Can an employer refuse to give a reference letter?

Quebec Court of Appeal declines to award damages for wrongful dismissal but employer must pay $5,000 for refusing to give reference letter

A Quebec employer's refusal to give an employee whose contract it wrongfully ended a reference letter warranted $5,000 in damages, despite the fact wrongful dismissal damages weren't necessary, the Quebec Court of Appeal has ruled.

In a September 2013 ruling, one of the issues before the court was whether an employee could be awarded non-monetary damages on account of alleged wrongful conduct by the employer when it did not renew her contract of employment. It was submitted that management had shown bad faith, among other things, by refusing to give the employee a letter of reference.

This case involved two teachers at a private high school in Montréal, Irène Arseneault and Sylvia Mauri. Both were hired on a yearly basis, under letter agreements in which the length of their contract and certain of their employment conditions were set out. A standard form contract, which included a description of their rights in relation to certain non-monetary aspects, was also provided to all faculty.

Arseneault had been a drama teacher for the high school almost without interruption since 1989. Although she did not have a teaching permit as required by the Department of Education, the department had always granted her a "letter of tolerance" allowing her to teach. Thus the school had hired her, on a year-to-year basis, until 2008, the year management decided that a teaching permit was now mandatory and Arseneault’s teaching contract could not be renewed. In the year after her contract was not renewed, Arseneault did not find another job and had to settle for part-time teaching duties from which she earned a modest income.

Mauri taught French and Italian. The record shows that her work was satisfactory and that over the years her teaching contract had been renewed seven times. Owing to what it said was a curriculum change, the school having chosen in the future to offer Spanish instead of Italian, Mauri was told that her contract would not be renewed. When she requested a letter of reference, the principal of the school refused to give her one. In the year after her contract was not renewed, she nevertheless found a one-year replacement position teaching in another institution.

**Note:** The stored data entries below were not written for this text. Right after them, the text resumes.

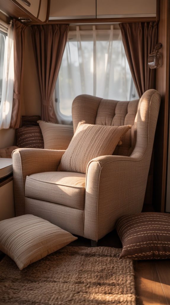 Incorporating earthy brown textiles such as curtains, cushions, and rugs can tie your RV’s interior together while adding softness underfoot and around seating areas. Look for fabrics with natural textures like linen, wool, or cotton blends that complement the brown color scheme.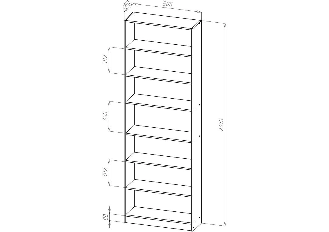 | Книжные шкафы, стеллажи от 600 мм до 1000 мм | 350 | 1000 | 600 |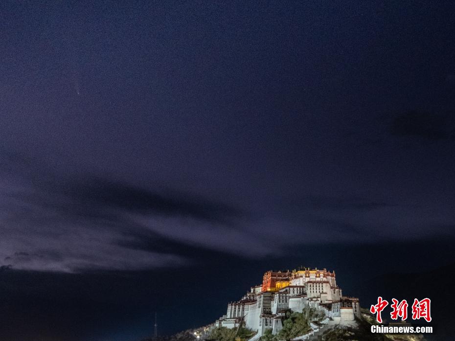紫金山—阿特拉斯彗星(CometTsuchinshan—ATLAS,彗星编号C/2023A3)于2023年初由中国科学院紫金山天文台首次发现,轨道周期为61751年。近日,该彗星连续在西藏拉萨上空“登场”,吸引摄影爱好者“追星”观测。图为10月15日晚,紫金山—阿特拉斯彗星(画面左上角)与拉萨布达拉宫。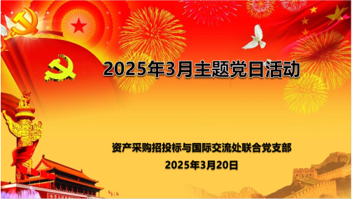 2025年3月20日下午,资产处(采购与招投标管理处)与国际交流处联合党支部在一办131支部党员活动室开展主题党日活动,主要内容包括:2024年度组织生活会、民主评议党员、支部书记讲专题党课,支部在校的全体党员参加。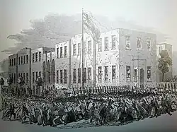 Когда женщина была арестована полицейским, толпа стала бунтовать. В зал Совета полетели камни и члены Совета были вынуждены прятаться под столами и за колоннами. Тем не менее губернатор, сэр Корнелиус Альфред Молони, отказался отменить Указ. Когда стало известно, что нижний этаж здания горит, был зачитан акт о мятеже, после чего полиция открыла огонь по толпе. Шестнадцать человек были убиты и сорок два ранены. Красный дом был полностью разрушен. После пожара остался только остов здания.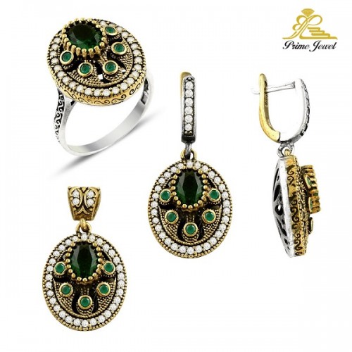 Gümüş Otantik Taşlı Set
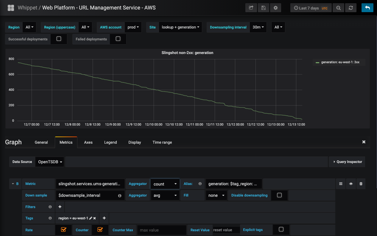 However, when rate is enabled, AggregationIterator deliberately skips over the first value in each time series during initialisation. In so doing, I believe it causes the timestamp to become non-zero and thus all time series in the aggregation begin contributing from the start, potentially long before we have actually advanced to their start time. This is why the average is so low in the past and climbs towards the present! It's getting biased towards zero by hundreds of inactive time series.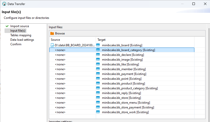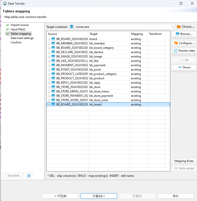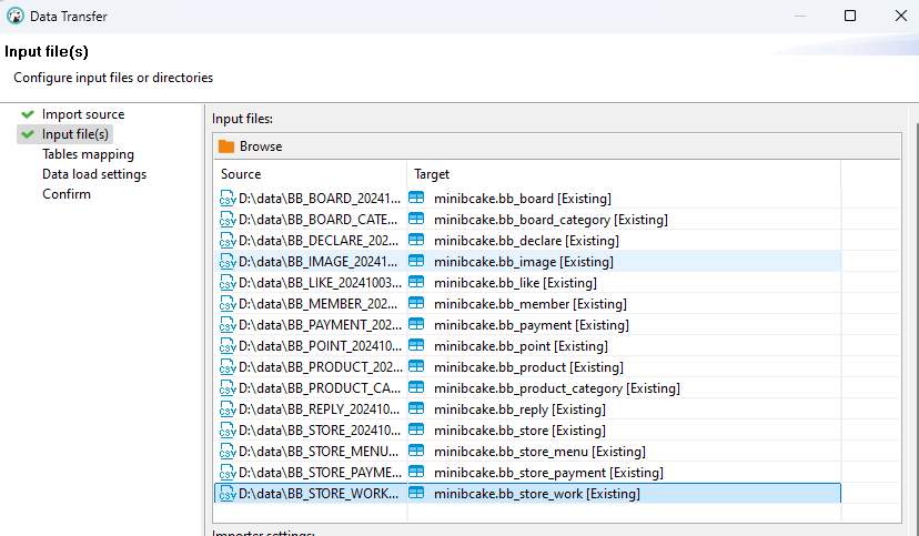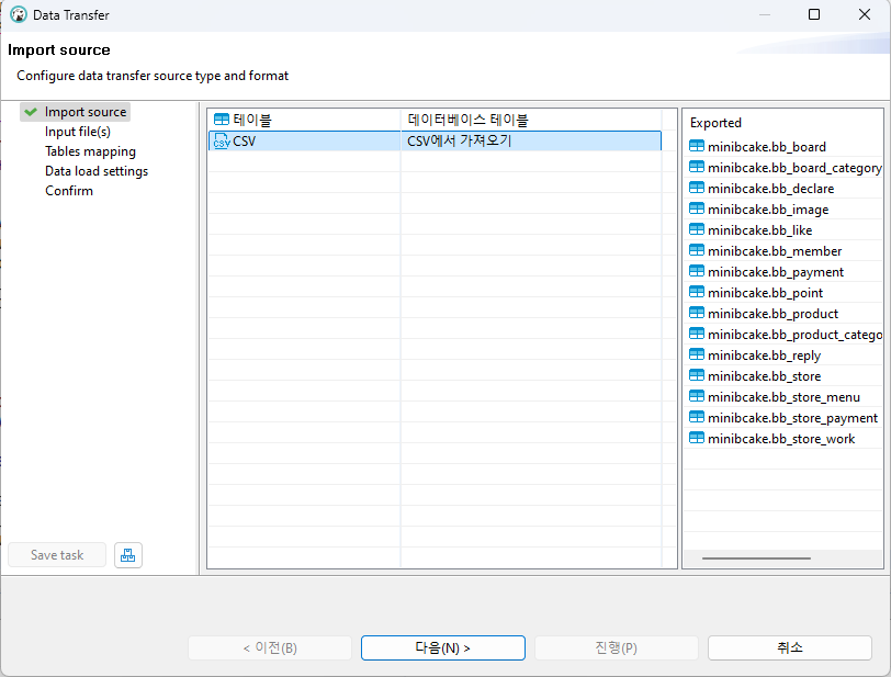 5. 아까 export한 CSV파일을 알맞은 테이블에 넣어준다.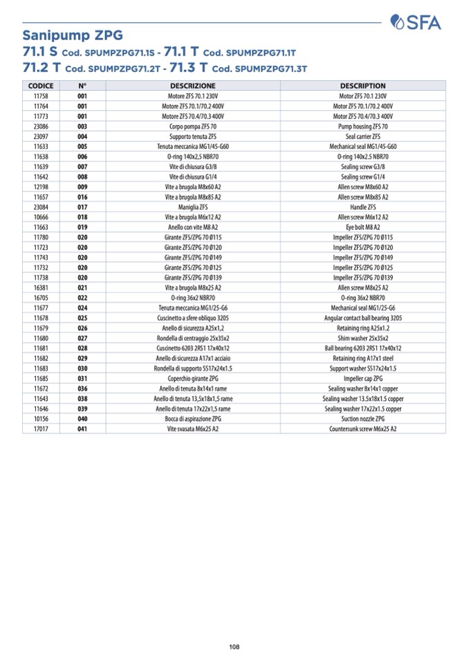 Corpo pompa ZFS 70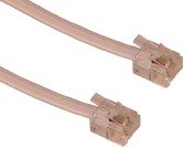 Telefonkabel mit einem RJ11-Anschluss an jedem Ende. Das Kabel kann zum Beispiel auch verwendet werden, um ein Telefon mit einem RJ11-Stecker an eine Dose anzuschließen.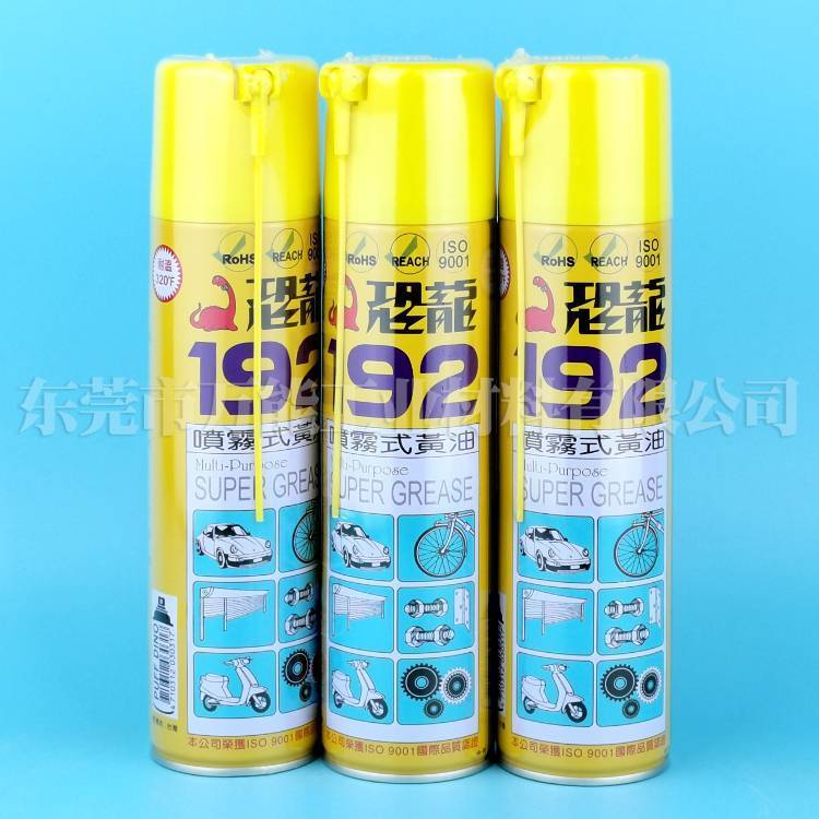 ?恐龙192喷雾式黄油适用于工业设备、电动工具、汽车、家用门锁、机械保养(台湾机械保养均用此产品)。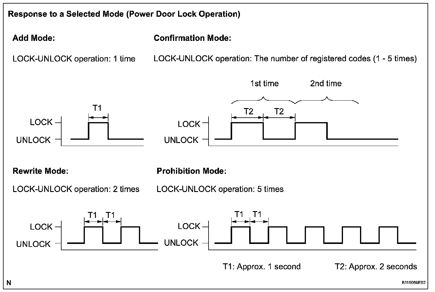 8. The body ECU automatically performs the power door LOCK-UNLOCK operation with in 3 seconds after the mode has been selected and informs the technician of the selected mode using the response patterns as given in the illustration.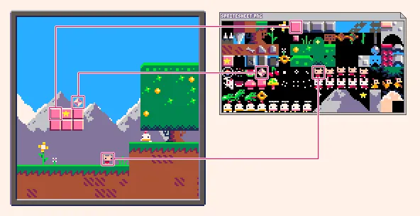 Depending on your game engine or target platform, the answer could be “that’s just how it works”. For example, PICO-8 doesn’t support loading and drawing separate image files. There’s only one spritesheet that has to contain everything, and its size is limited to 128x128 pixels (this is why Spooky Stylin’ needed to use some clever Spritesheet Tricks). A lot of “retro” consoles had similar constraints as well due to limitations of the technology.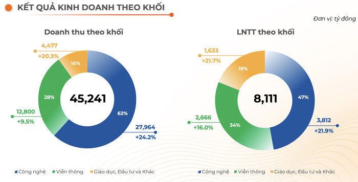 Năm 2024, tập đoàn đặt mục tiêu doanh thu 61.850 tỷ đồng, lợi nhuận trước thuế 10.875 tỷ đồng. Như vậy, sau 9 tháng, FPT thực hiện được hơn 73% chỉ tiêu doanh thu và 75% lợi nhuận năm.
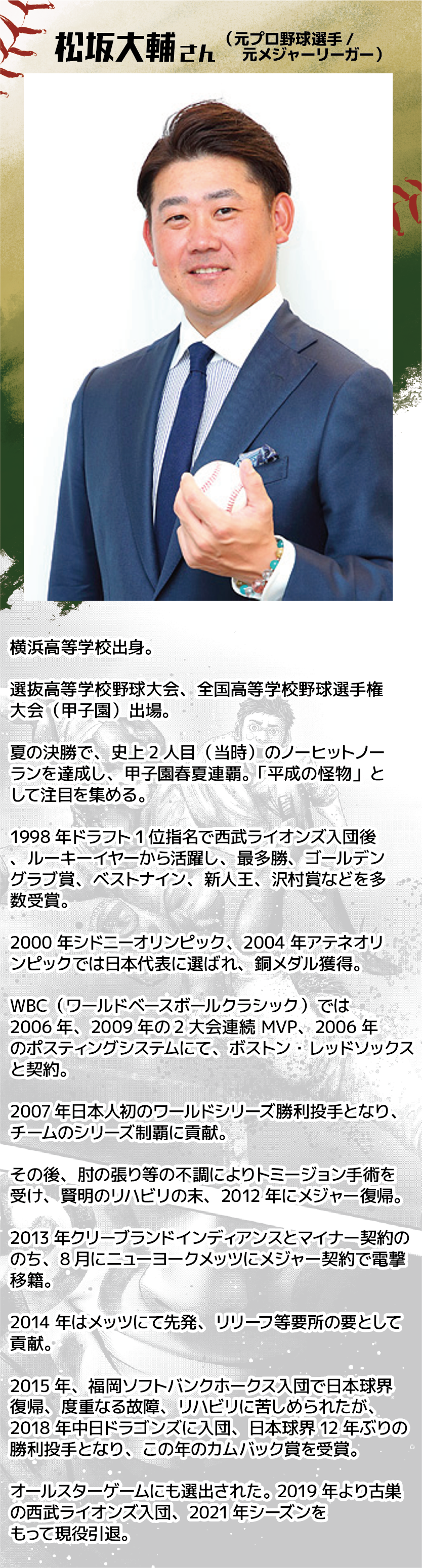 そして今回のテーマ「横浜VS.PL学園を再現しよう!」が決まった瞬間、どうしても松坂さんに来てほしいと思い、満を持してオファーを出したところ、快く引き受けていただきました。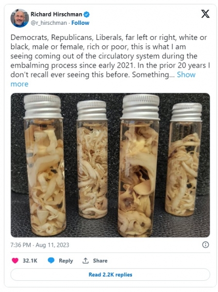 »Leta 2022 je bilo v našem podjetju več smrti dojenčkov kot kadar koli prej. Leta 2023 sem opazil več belih fibroznih strdkov, kot sem jih kdaj videl, zlasti pri starejših ljudeh.«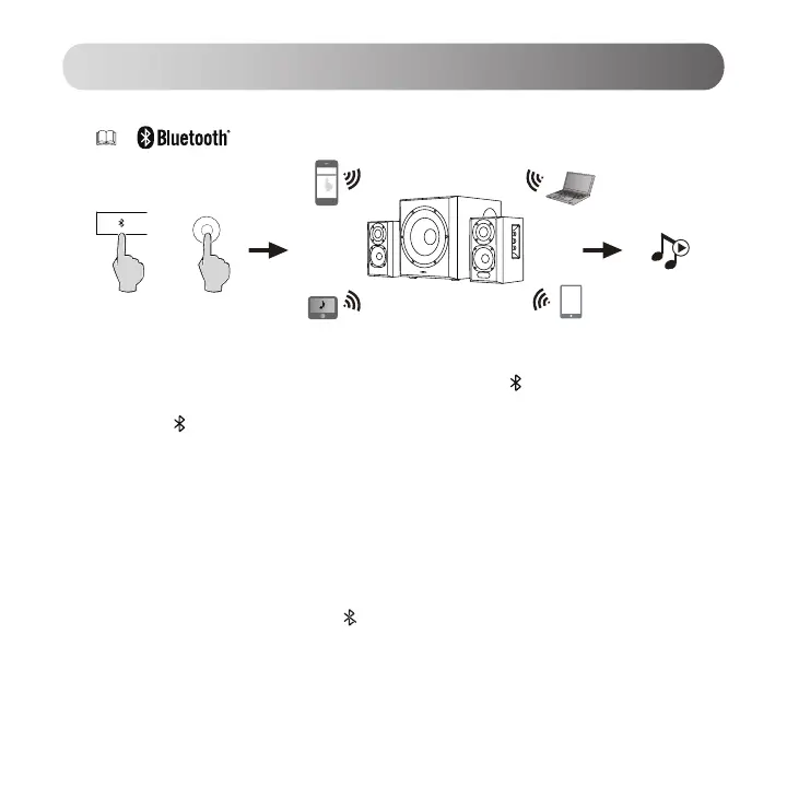 1. Drücken Sie zur Auswahl des Bluetooth-Eingangsmodus entweder die Taste „ “ auf der Fernbedienung oder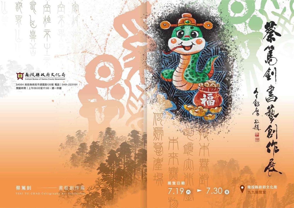 就因蔡篤釗的書法造詣獲得書法界肯定,而且他的知名度也享譽兩岸,因此他向南投縣文化局提出申請個展,立刻獲得邀請到南投縣展出,這項「書藝創作展」,將於7月19 至30日在南投縣文化局(九九展覽室)展出,並於19 日下午2時30分舉行開幕儀式。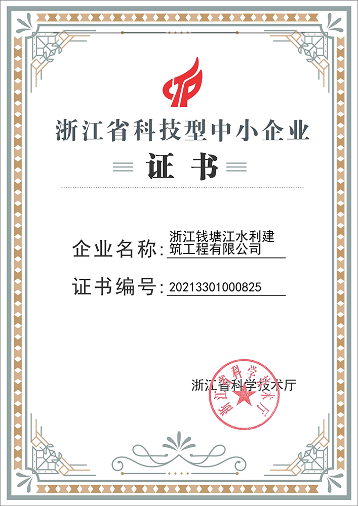 省科技型中小企業證書-浙錢水建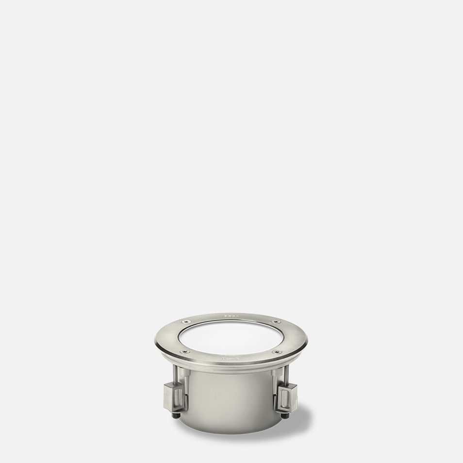 In-grade location luminaires. The patented mounting system allows for installation in pre-cored holes such as stone, tile or decks. These luminaires are designed to bear pressure loads up to 4400 lbs. from vehicles with pneumatic tires. The luminaires must not be used for traffic lanes where they are subject to horizontal pressure from vehicles braking, accelerating and changing direction.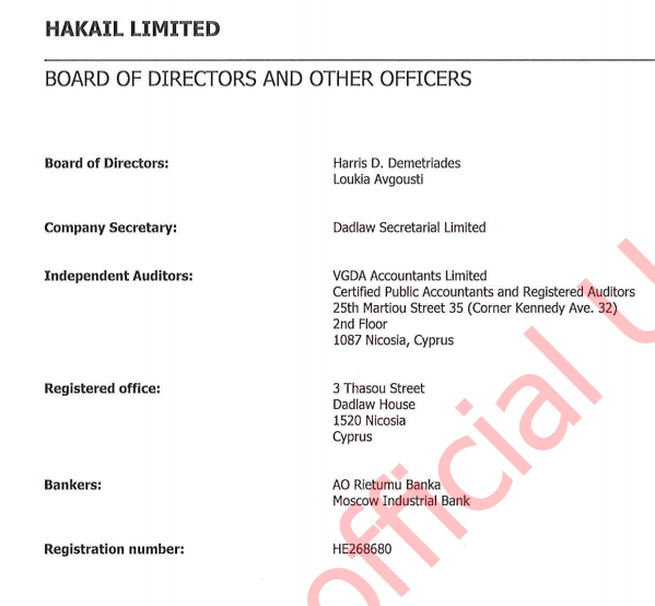 На титульном листе аудиторского отчета за 2017 год Hakail Limited отмечает наличие счета в Московском индустриальном банке в России.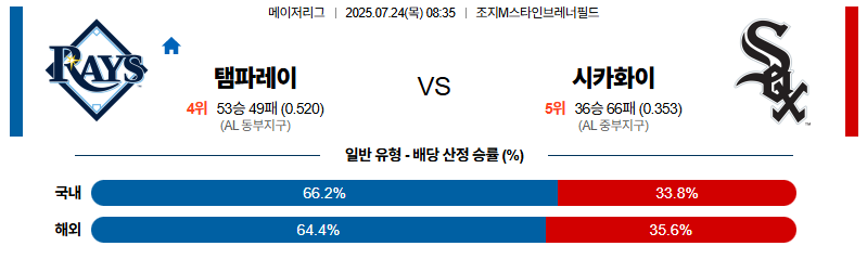 탬파베이 대 시카고W MLB 07월24일 맞대결 생중계, 스포츠중계, 스포츠분석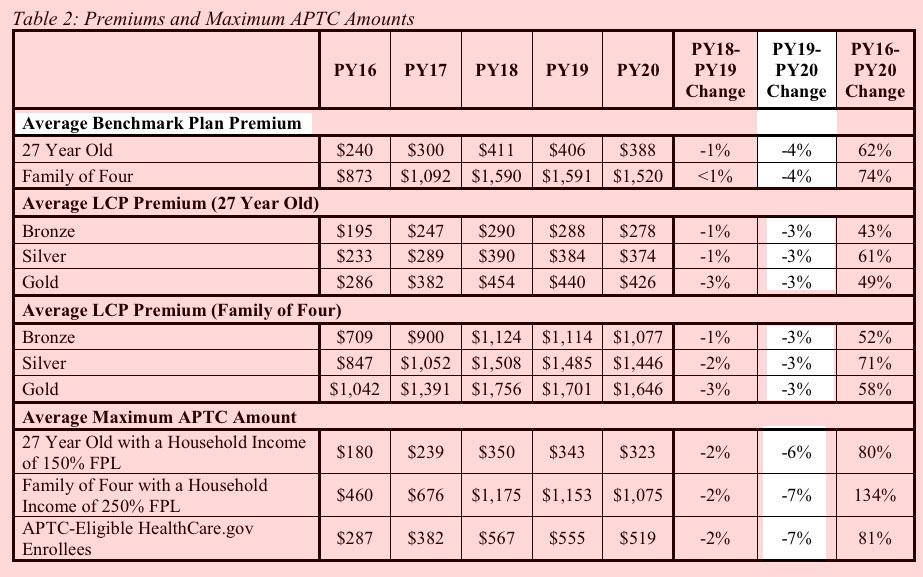 Hell, CMS even lays out this problem in their own press release bragging about how "premiums are 4% lower" for 2020. See this table?

It is worth noting that in the months before Arseneault’s and Mauri’s employment ended, management of the school had tried to get the employees to waive the implementation of compensatory measures resulting from a pay equity process. Contrary to the conclusions reached by an anonymous ad hoc committee which had studied the matter, management claimed that the measures would yield only an insignificant benefit for the employees. Arseneault and Mauri were suspected of being behind the ad hoc committee, and they alleged this was the reason why they had been let go.

Although the trial judge came down very hard on the principal of the school, calling the reasons given by management to justify not renewing the contracts an excuse, she nevertheless found that the employer was entitled to terminate the contracts and dismissed the action.

Court of Appeal decision

The Court of Appeal began by considering whether or not, in the circumstances, the contracts had in fact been renewed automatically. It noted that the standard contract contained a clause providing that a party could prevent automatic renewal from taking place as long as written notice was given prior to the last school day of March of the current year. In this case, since such notice was not given within the allotted time, the court was of the opinion that Arseneault’s and Mauri’s contracts had been renewed for an additional year.

Agreeing with the trial judge on the circumstances surrounding the termination of Arseneault’s and Mauri’s employment, the court went on to find that management’s attitude had been wrongful and that the terminations had been carried out illegally, the reasons given for them having been mere excuses.

Consequently, the court awarded damages for the wages lost by Arsenault. In Mauri’s case, the court did not see fit to award her any damages for lost wages, since she had succeeded in finding full-time work during the year after her employment with the school ended. However, the court awarded her $5,000 in damages on account of the school’s refusal to give her a letter of reference. While it declined to affirm that an employer had an obligation to provide a letter of reference, the court stressed that such a refusal must not be contrary to good faith requirements, especially since a curriculum vitae is an integral component of a person’s reputation. Given the particular circumstances in which the employment ended, the unexplained gap, in the court’s view, warranted an award for damages.

Characterizing management’s behaviour in this case as abuse of authority, the court concluded that the employer had acted contrary to good faith requirements when it refused, for no apparent reason, to provide the letter requested.

In essence, the take-away from this decision is that an employer is not obliged to provide a letter of reference. However, it cannot refuse to give a letter of reference to a dismissed or resigning employee who requests one, without providing a reason or citing a reason that is not legitimate. It risks being ordered to compensate its ex-employee for damage to reputation if it does.

For more information see:

Arseneault c. Sacred Heart School of Montreal, 2013 CarswellQue 9564 (Que. C.A.).